Voor het bepalen van de richtafstanden zijn strengere normen gehanteerd dan de wettelijke normen uit het Activiteitenbesluit. In een gemengde omgeving kunnen de richtafstanden worden gereduceerd, waarbij de normen uit het Activiteitenbesluit als uitgangspunt gelden. De omgeving van het plangebied kenmerkt zich als een rustig buitengebied.

Een begraafplaats is ingedeeld in milieucategorie 1, waarbij een richtafstand van 10 meter geldt. Binnen 10 meter vanaf het plangebied staan geen woningen. In de toekomstige situatie is dus sprake van een verantwoorde afstemming tussen woningen en bedrijven. Dit aspect heeft geen gevolgen voor dit bestemmingsplan.

4.3 Verkeer

Voor de ontwikkeling geldt dat geen onaanvaardbare hinder als gevolg van verkeersbewegingen en geparkeerde auto's mag ontstaan. De parkeerbehoefte voor begraafplaatsen is bepaald op basis van de kengetallen vermeld in CROW publicatie 182 (Parkeerkencijfers: basis voor parkeernormering). Voor begraafplaatsen is (onafhankelijk van de omvang begraafplaats, ligging en stedelijkheid) een bandbreedte aangegeven van 15 tot 30 parkeerplaatsen. In de huidige situatie voldoet de begraafplaats aan deze norm (keerlus parallel aan de Jeltingalaan). Indien noodzakelijk kan gebruik worden gemaakt van de parkeerplaatsen bij het sportveldencomplex aan de overzijde van de Jeltingalaan. Er zal dus geen onaanvaardbare hinder als gevolg van geparkeerde auto's ontstaan.

Voor de verkeersbewegingen geldt dat niet de omvang van de begraafplaats, maar de frequentie van de begrafenissen de verkeersaantrekkende werking bepalen. Dit verandert niet. Op basis van kentallen uit de CROW publicatie 272 (Verkeersgeneratie voorzieningen - kengetallen gemotoriseerd verkeer). Is de verkeersgeneratie van een begraafplaats bepaald op basis van circa 1.000 begrafenissen per jaar en gemiddeld 56 bezoekers per plechtigheid. Hierbij is rekening gehouden met 100% autogebruik en een bezettingsgraad van 2,8 personen per auto (circa 109 motorvoertuigbewegingen per weekdag). Aangevuld met enige motorvoertuigbewegingen van werknemers en de begrafenisondernemer gaat het per begraafplaats per weekdag om circa 120 motorvoertuigbewegingen. Per plechtigheid gaat het om circa 44 motorvoertuigbewegingen.

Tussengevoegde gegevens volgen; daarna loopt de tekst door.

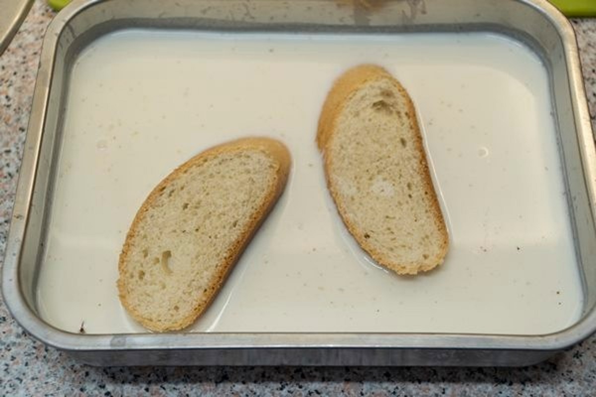 No hay que preocuparse si se ve las torrijas demasiado empapadas, porque en este caso soltará la leche sobrante en la bandeja con la rejilla. Rebozamos cada rebanada con pan en huevo batido. Ponemos aceite de girasol u oliva suave en una sartén. Freímos a fuego medio con abundante aceite por 30 segundos cada lado. Las ponemos en un papel de cocina para evitar el exceso de aceite. Las pasamos por azúcar y canela todavía calientes. Otra opción es ponerles azúcar y caramelizar en el horno o con la ayuda de un soplete, poner miel encima, almíbar, caramelo de anís. En este último punto el objetivo es que la torrija no se seque.

Door de Stichting Begraafplaatsen Buitenpost is aangegeven, dat op begraafplaats Jeltingalaan op jaarbasis circa 40 begrafenissen plaatsvinden. De daadwerkelijke verkeersgeneratie van de begraafplaats zal dan ook veel lager liggen, namelijk gemiddeld circa 5 motorvoertuigbewegingen per weekdag. Deze verkeersgeneratie is verwaarloosbaar.

4.4 Bodem

Bij het aspect 'bodem' staat de vraag centraal of de bodemkwaliteit toereikend is voor het nieuwe gebruik. De bodem kan door eerdere (bedrijfs)activiteiten verontreinigd zijn. Voor de ruimtelijke procedure is het van het belang dat verdachte locaties worden gesignaleerd.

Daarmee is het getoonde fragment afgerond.